ACTION ITEM: With the pictures removed, write out the full listing below exactly.

SOURCE DATA:
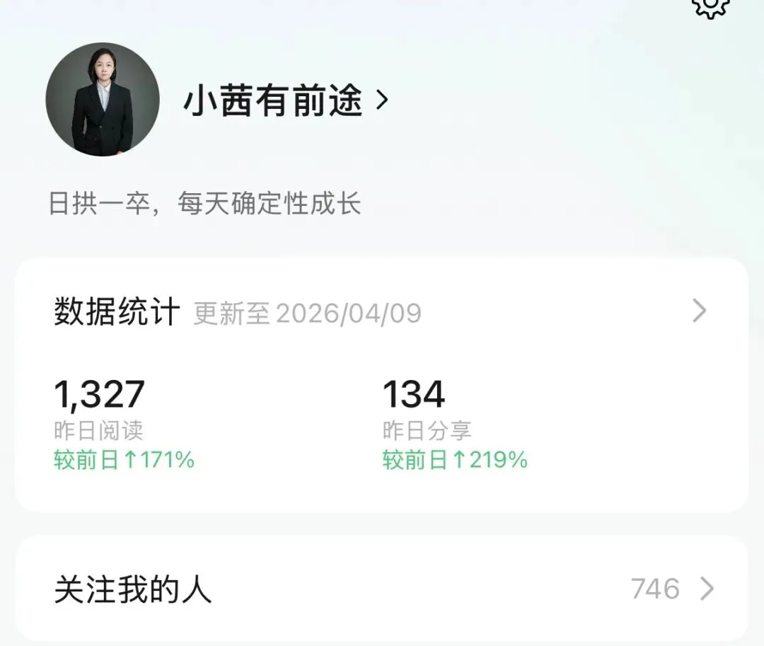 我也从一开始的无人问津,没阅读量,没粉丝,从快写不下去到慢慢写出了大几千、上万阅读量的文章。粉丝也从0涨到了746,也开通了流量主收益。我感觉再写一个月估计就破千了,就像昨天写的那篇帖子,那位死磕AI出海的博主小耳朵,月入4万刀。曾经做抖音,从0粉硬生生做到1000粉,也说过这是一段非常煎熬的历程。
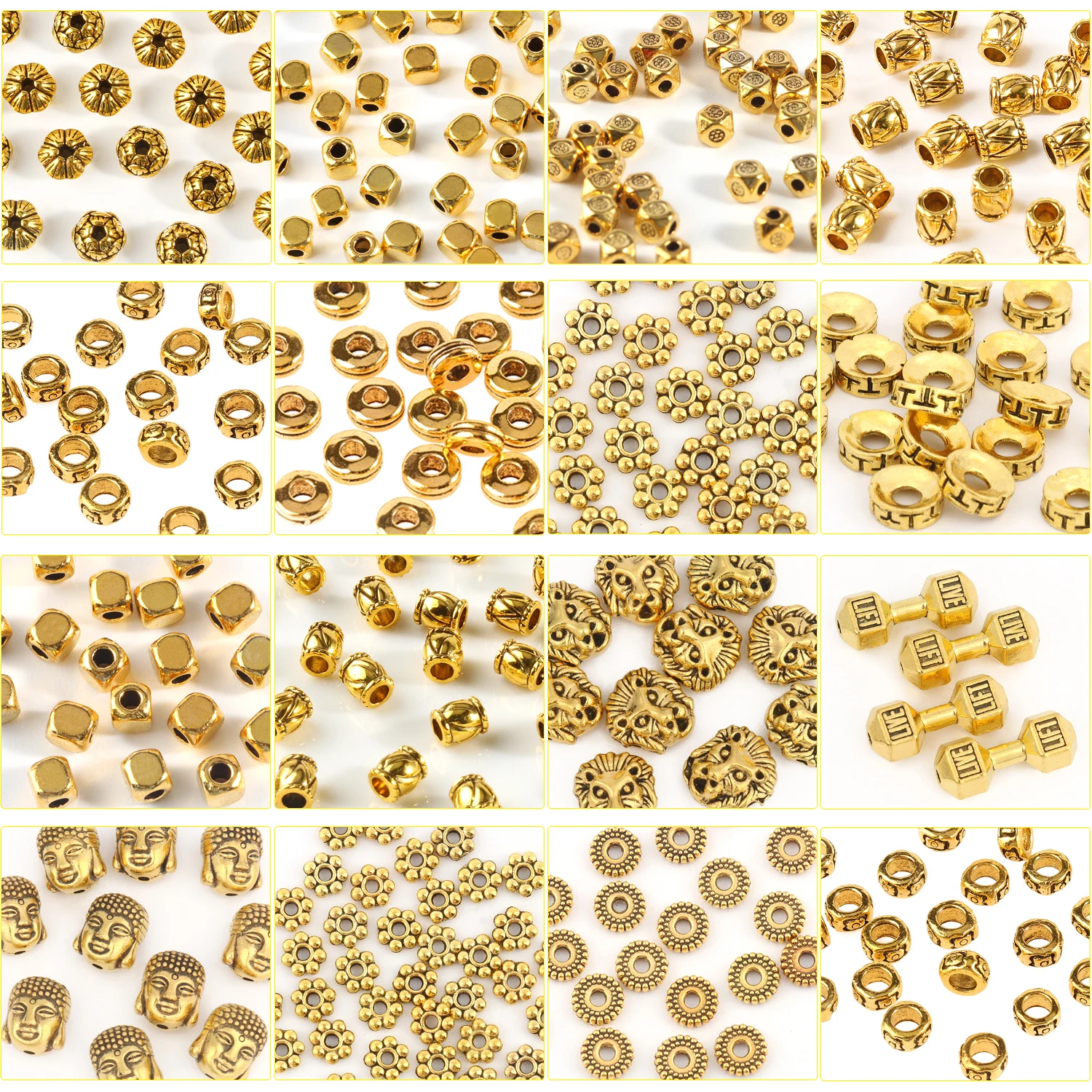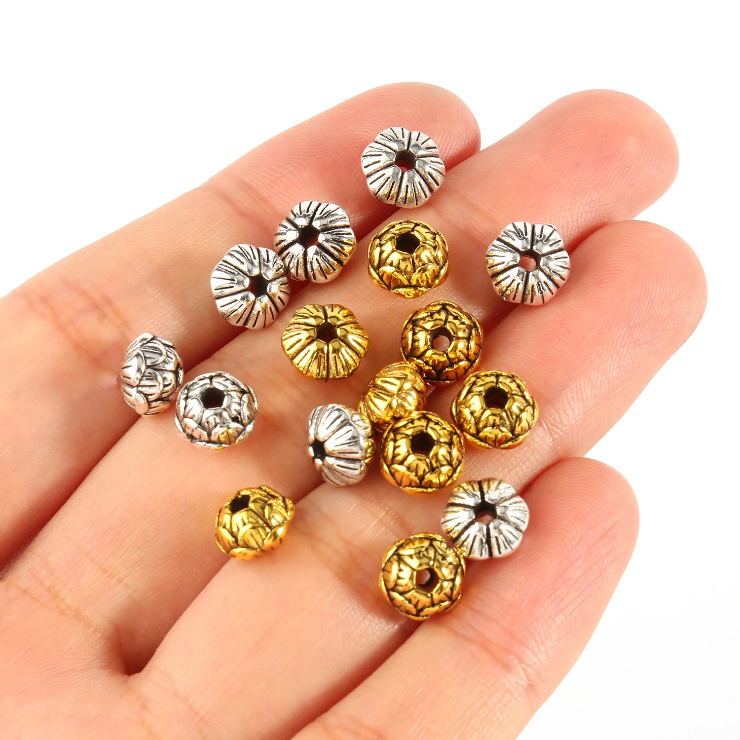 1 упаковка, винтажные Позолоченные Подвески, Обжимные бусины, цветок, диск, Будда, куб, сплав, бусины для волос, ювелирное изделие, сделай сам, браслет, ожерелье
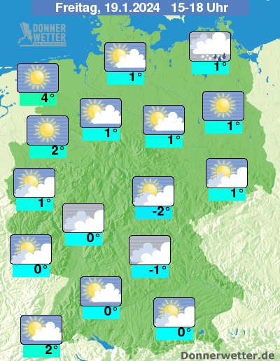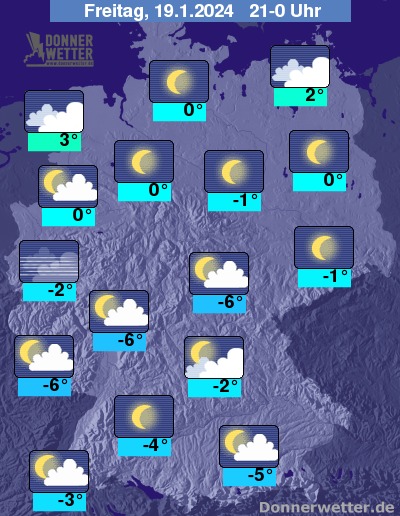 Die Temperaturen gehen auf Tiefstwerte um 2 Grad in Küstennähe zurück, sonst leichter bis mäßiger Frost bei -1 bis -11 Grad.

SOLVED EXERCISE:
 我也从一开始的无人问津,没阅读量,没粉丝,从快写不下去到慢慢写出了大几千、上万阅读量的文章。粉丝也从0涨到了746,也开通了流量主收益。我感觉再写一个月估计就破千了,就像昨天写的那篇帖子,那位死磕AI出海的博主小耳朵,月入4万刀。曾经做抖音,从0粉硬生生做到1000粉,也说过这是一段非常煎熬的历程。
 1 упаковка, винтажные Позолоченные Подвески, Обжимные бусины, цветок, диск, Будда, куб, сплав, бусины для волос, ювелирное изделие, сделай сам, браслет, ожерелье
 Die Temperaturen gehen auf Tiefstwerte um 2 Grad in Küstennähe zurück, sonst leichter bis mäßiger Frost bei -1 bis -11 Grad.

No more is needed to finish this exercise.